Final answer:
When magnesium reacts with sulfuric acid, the products are magnesium sulfate and hydrogen. If there are 15 grams of magnesium at the start of the reaction, approximately 240.74 grams of magnesium sulfate will be present.
Step-by-step explanation:
When magnesium reacts with sulfuric acid, the products are magnesium sulfate and hydrogen. The balanced chemical equation for this reaction is:
2Mg + H2SO4 → MgSO4 + H2
From the balanced equation, we can see that for every 2 moles of magnesium that react, 1 mole of magnesium sulfate is produced. Therefore, the amount of magnesium present in the magnesium sulfate can be calculated using the ratio of their molar masses. The molar mass of magnesium is 24.31 g/mol, and the molar mass of magnesium sulfate (MgSO4) is 120.37 g/mol.

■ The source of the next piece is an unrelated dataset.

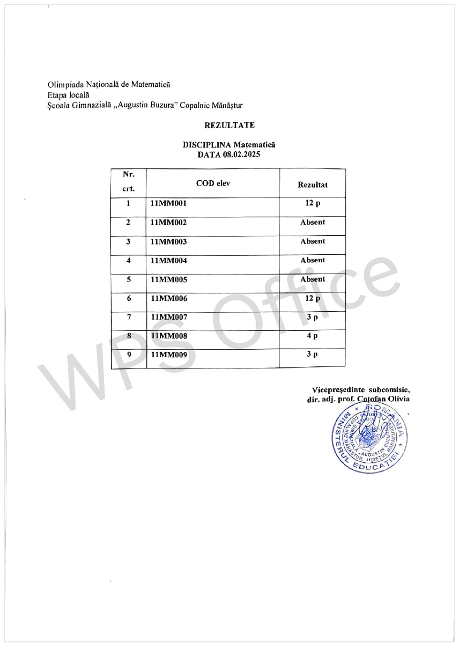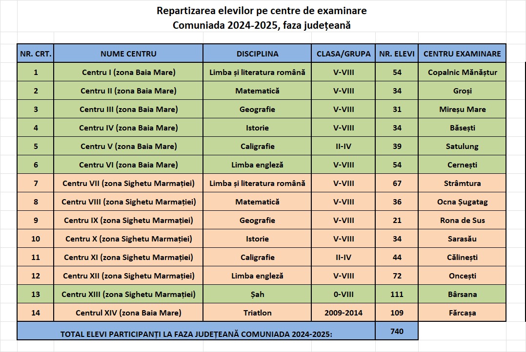 Important! Pentru o cât mai bună desfășurare a concursului, vă rugăm, să ne trimiteți pe adresa de mail scoalacopalnicmanastur@yahoo.com, până la data de 10.02.2024, Tabelul pe unitate de învățământ(cadru didactic însoțitor) și Anexa 10_Acord scris pe adresa mail comuniadamm@yahoo.com.

Let's calculate the mass of magnesium sulfate produced:
2 moles of magnesium sulfate = 2 * 120.37 g = 240.74 g
Now, we can use the following ratio:
Magnesium sulfate produced : Magnesium present = 240.74 g : 15 g
Cross-multiplying,
Magnesium sulfate produced = (240.74 g * 15 g) / 15 g = 240.74 g
Therefore, 240.74 grams of magnesium sulfate will be present if there are 15 grams of magnesium at the start of the reaction.